--- Exercise data ---
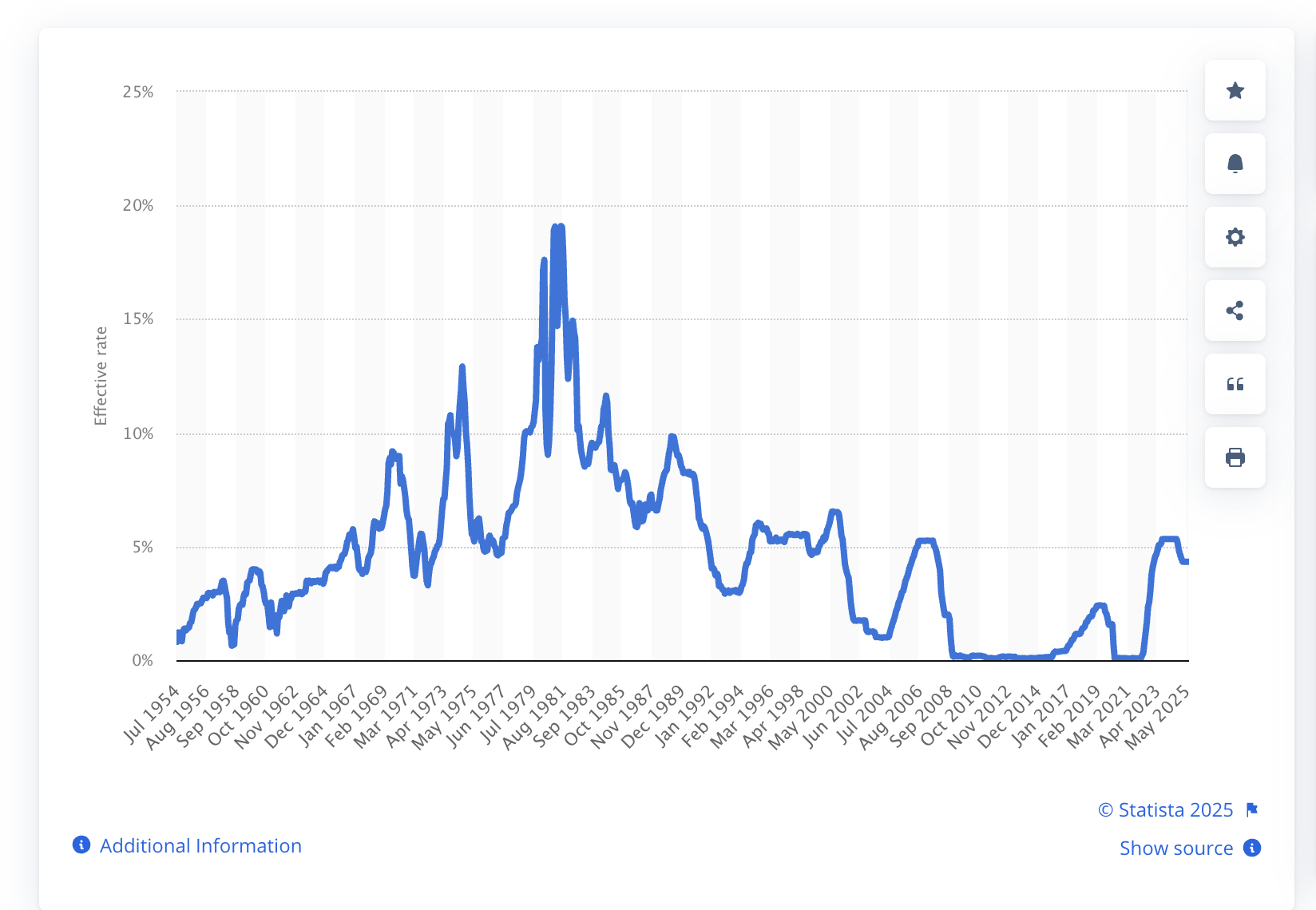 You can also clearly see a general downward ratchet effect in rates over time. Each interest rate peak preceding a bust gets lower as the economy has become more addicted to easy money.
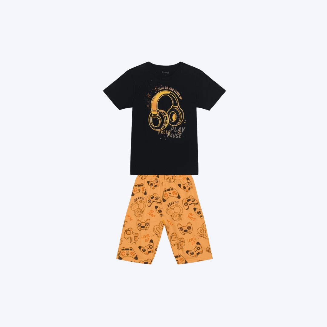 Tipo de Estampa: Estampado (Headphone na camiseta e rotativa de videogame na bermuda)
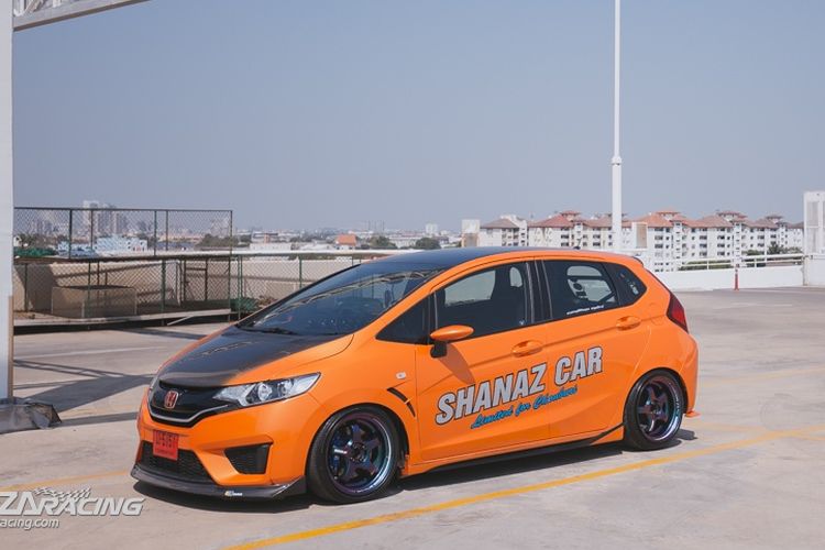 Modifikasi Honda Jazz GK5 asal Thailand ini tampil sporty dengan balutan kelir oranye dan serat kabon, serta bermesin turbon

--- Assignment ---
Please reproduce the data above word for word, skipping all images.

--- Exercise solution ---
 You can also clearly see a general downward ratchet effect in rates over time. Each interest rate peak preceding a bust gets lower as the economy has become more addicted to easy money.
 Tipo de Estampa: Estampado (Headphone na camiseta e rotativa de videogame na bermuda)
 Modifikasi Honda Jazz GK5 asal Thailand ini tampil sporty dengan balutan kelir oranye dan serat kabon, serta bermesin turbon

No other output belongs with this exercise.